This repository contains the CI-Pack, a collection of algorithmic solutions for Computational Intelligence labs at PoliTo, covering optimization, search, and regression problems.
The Set Cover Problem is a classical NP-hard problem in combinatorial optimization. The problem is defined as follows: given a set of elements U and a collection of subsets S of U, find the smallest subset of S that covers all elements in U. I implemented a greedy strategy and Local Search algorithms, such as Hill Climbing and Simulated Annealing, to solve the Set Cover Problem.
The Traveling Salesman Problem is another classical NP-hard problem in combinatorial optimization. The problem is defined as follows: given a list of cities and the distances between each pair of cities, find the shortest possible route that visits each city exactly once and returns to the origin city. I implemented a greedy strategy and evolutionary algorithms, based on Inver-Over crossover and Inversion mutation, to solve the Traveling Salesman Problem.

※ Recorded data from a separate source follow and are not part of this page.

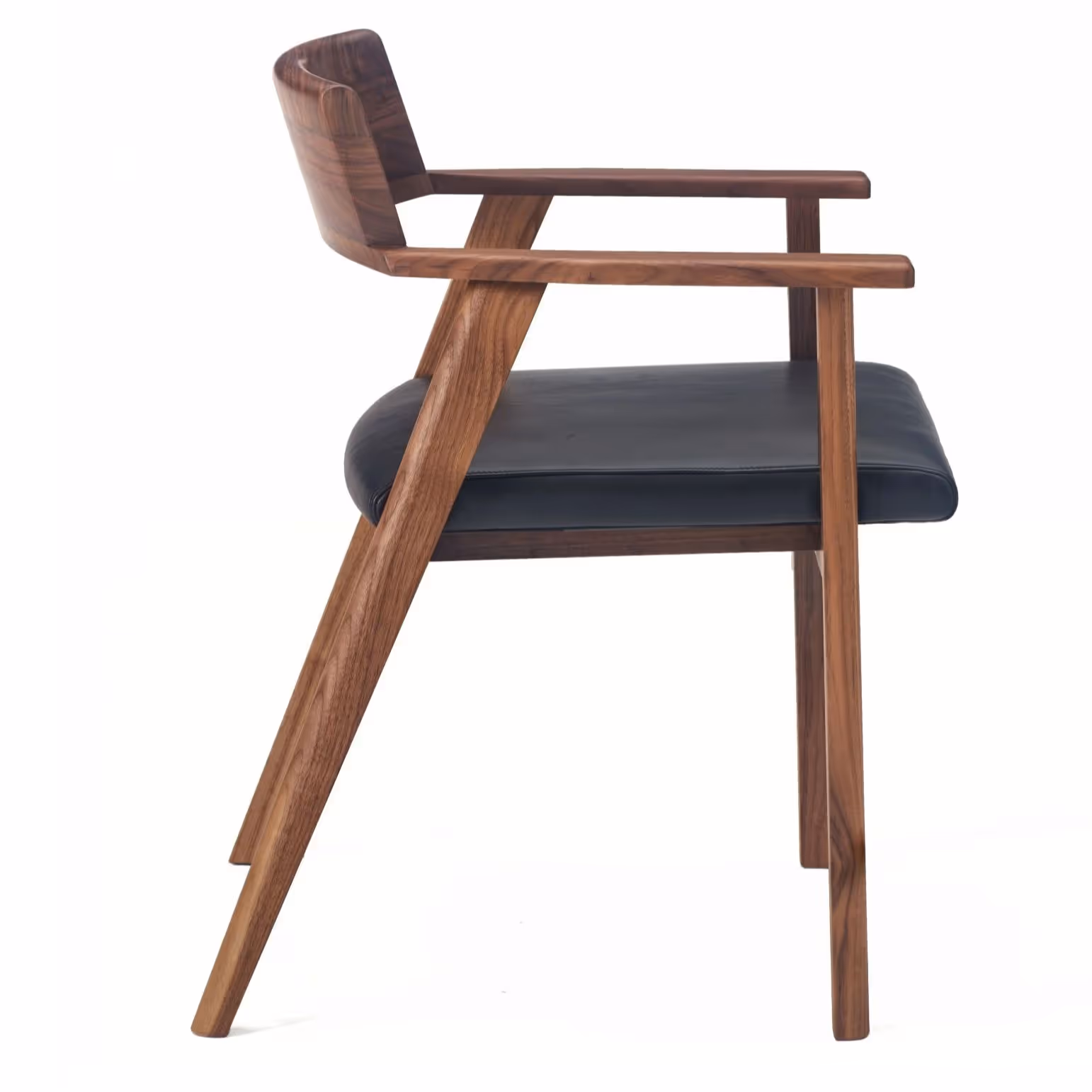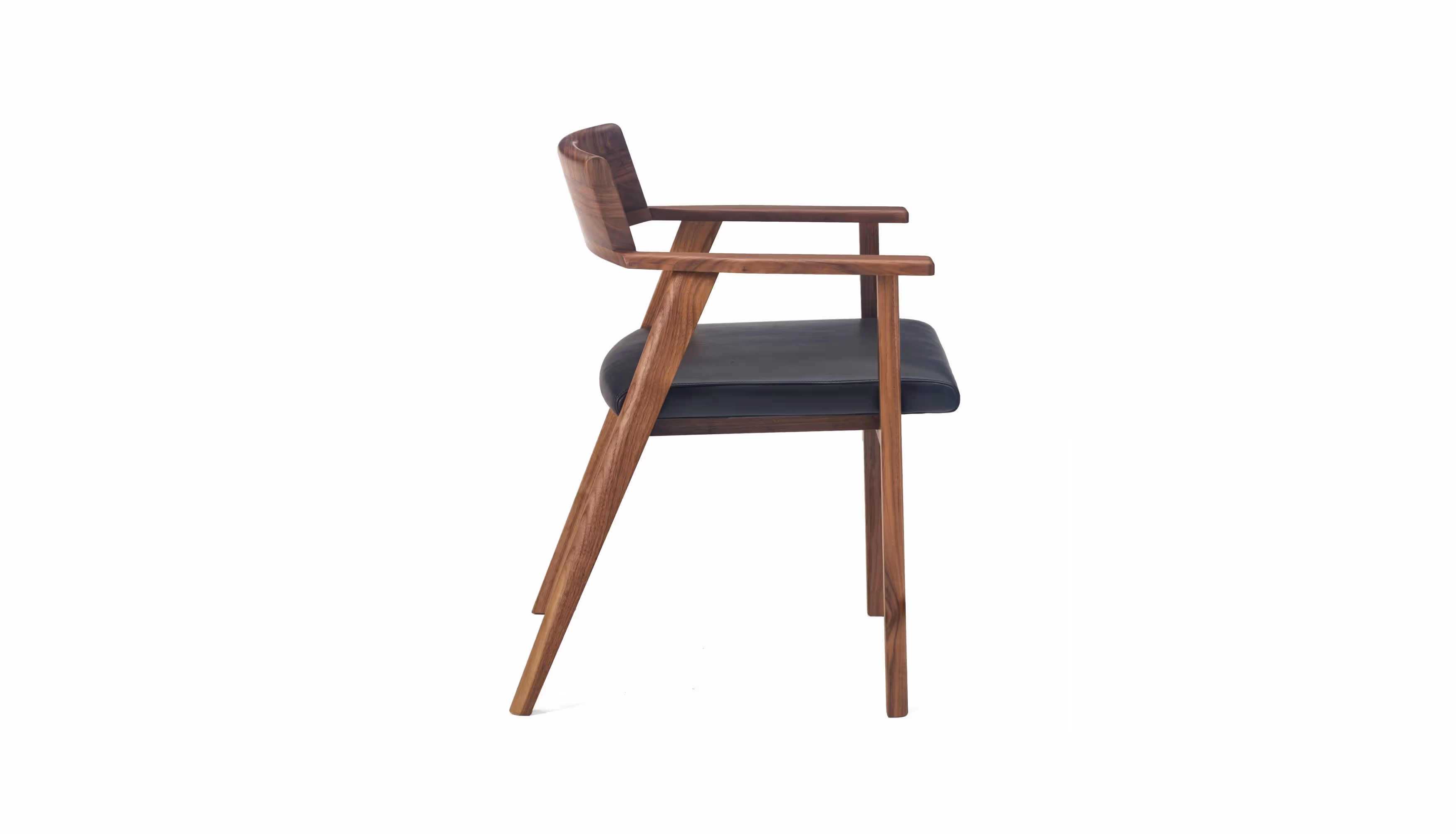 The backrest is a key architectural aspect – cantilevered and supported by thin wooden armrests sculpted to be wider at the front for function and tapered away to as little as possible behind. To achieve the elements of negative space and lightness we wanted, we embedded a steel support in the armrest and backrest.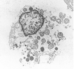 Zelle vor der Apoptose (Elektronenmikroskop. Bild: 7.000x Vergrößerung) |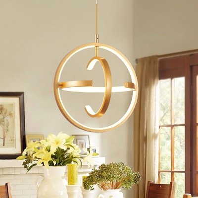 POWLIG 4.72" Gold Modern Pendant Light with Glass Shade, Height Adjustable Chandelier for Kitchen Island, Dining Room or Entryway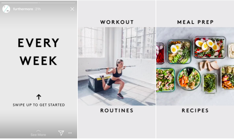 Furthermore from Equinox has decided to be creative on their Instagram Story. They have decided to promote their newsletter by highlighting their content categories. A series of images and a call-to-action offer another opportunity to build a loyal audience that wants to consume more of their content. This is a reminder of the importance to be creative to reach your goals. The CTA doesn’t have to be predictable, but you can still reach your targets if you use all your channels in the best possible way.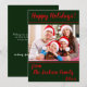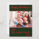 Tarjeta de Navidad plana con foto familiar Felices Fiestas. Tarjeta de Navidad con foto en verde y texto rojo en la parte frontal. Personalice las palabras a su estilo. La tarjeta cuenta con caligrafía en la parte frontal y tipo serif plano en la parte posterior. Envíe un saludo navideño a sus seres queridos con una foto familiar para que familiares y amigos puedan ver cómo están usted y sus hijos este año. Mejore el mensaje interno para reflejar su propio estilo.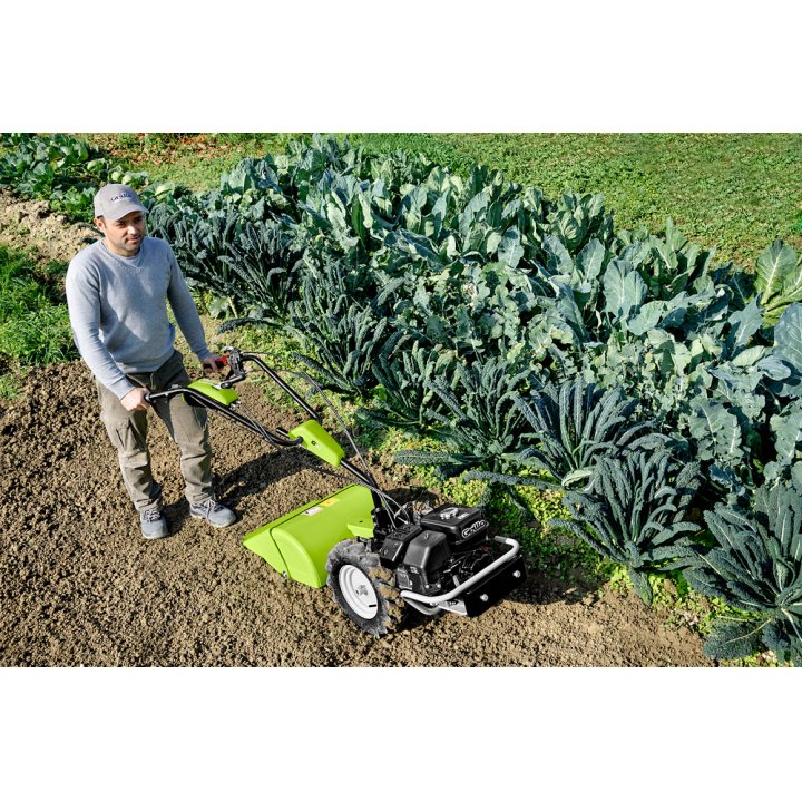 A Grillo G 46 használata rendkívül egyszerű, nem szükséges erővel nyomni a gépet, elég csak finoman irányítani, és a kapálás egyenletes lesz.

The Shortest Path Problem is a fundamental problem in graph theory and network routing. The problem is defined as follows: given a graph G and a source node s, find the shortest path from s to all other nodes in G. I implemented the A* search algorithm to solve the Shortest Path Problem.
The 8-Puzzle Problem is a classical problem in artificial intelligence and search algorithms. The problem is defined as follows: given a 3x3 board with 8 tiles and one empty space, move the tiles to reach the goal state. I implemented the A* search algorithm with a custom heuristic to solve the 8-Puzzle Problem.
Symbolic Regression is a machine learning task that aims to find a mathematical expression that best fits a given dataset. I implemented Genetic Programming to evolve symbolic expressions that approximate the target function.